Dann kannste mit an Sicherheit grenzender Wahrscheinlichkeit davon ausgehen dass die SSD tot ist.
Die Vertex2 von OCZ bzw. OCZ allgemein ist aufgrund extrem hoher Ausfallraten in die Geschichte eingegangen - so gesehen ists erstaunlich, dass deine ganze 4 Jahre überlebt hat, die meisten dieser Modelle sind bereits nach weniger als 2 Jahren gestorben. 

Ich zitiere mal grade die SSD-Ausfallraten (innerhalb der jeweiligen Garantiezeit!) von damals:



			
				Rollora schrieb:
			
		

> *SSDs:*
> 
> - Intel 0.45%
> - Samsung 0.48%
> ...


----------



## Bono333 (11. August 2015)

Mh.
Dann habe ich hoffentlich mit der nachbestellten Samsung keinen Fehler gemacht.

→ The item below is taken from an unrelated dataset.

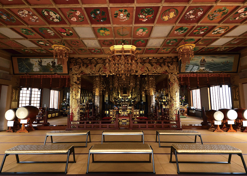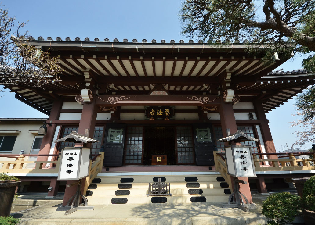 その晩日蓮大聖人が「四句要法」を説法したところ、平塚の塚の松に紫雲がたなびいたそうです。深く感動した泰知は邸宅を献上して寺とし、日蓮大聖人より、紫雲のたなびく様から「松雲山」四句要法にちなみ「要法寺」という山号と寺号をいただき開山されました。

Ich beerdige die Platte dann mal, danke für die Antworten und Anteilnahme :B


----------



## Incredible Alk (11. August 2015)

Sagen wir mal so - die Zeit der Kinderkrankheiten bei SSDs ist größtenteils vorbei, sprich eine SSD die du heute kaufst wird - egal von welchem Hersteller - sehr wahrscheinlich sehr sehr lange überleben, die Ausfallraten liegen heute durchweg bei unter 1%.


----------